Но самым удивительным и поразившим нас был сверкающий дворец, да, да, именно дворец, выстроенный слева, у Обрыва. Стрельчатые арки, шпили на узких, изящных башенках, флюгеры, витражные розетки в высоких окнах. Весь устремленный ввысь, легкий, горящий в лучах Зоряной звезды, дворец напоминал одновременно и средневековые соборы Европы – пламенеющая готика, торжество духа над плотью, и спейсеры эпохи освоения дальнего космоса, эти межзвездные ковчеги, уносившие землян прочь от колыбели, в неизвестность.
Пораженный, я спросил у Зимина, что это за постройка.
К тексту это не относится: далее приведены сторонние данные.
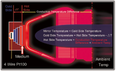KGT-DP 采用四級增強型帕爾貼冷泵,理論溫差為107℃,制冷強勁,使高溫環(huán)境下測量更低露點成為可能。熱管散熱的熱傳導效率比普通的純銅高數(shù)十倍,甚至上百倍; 而柔性導熱材料使冷泵基體與散熱器緊密無縫連接,其導熱系數(shù)是普通導熱膏的近30倍。

Он в ответ гордо задрал рыжую бороду и ответил:
– Это Главный дом. Дом Совета колонии.
– Нам – туда?
Зимин в ответ хмыкнул. Вопрос мой, впрочем, можно было считать риторическим – ну не на завод же нас поведут.
По широкой дороге, выложенной восьмигранной металлической плиткой, мы двинулись в сторону Дома Совета. От блеска начищенной бронзы болели глаза. Когда стены и башни укреплений остались позади, я посмотрел на восток, туда, где некогда лежало огромное тело посадочного модуля.
Моему взору открылась уходящая вдаль равнина, застроенная однотипными домиками под односкатными крышами. Кое-где над домами торчали вышки, но в целом это оказался типичный «низкий город», этакое предместье крупного земного мегаполиса.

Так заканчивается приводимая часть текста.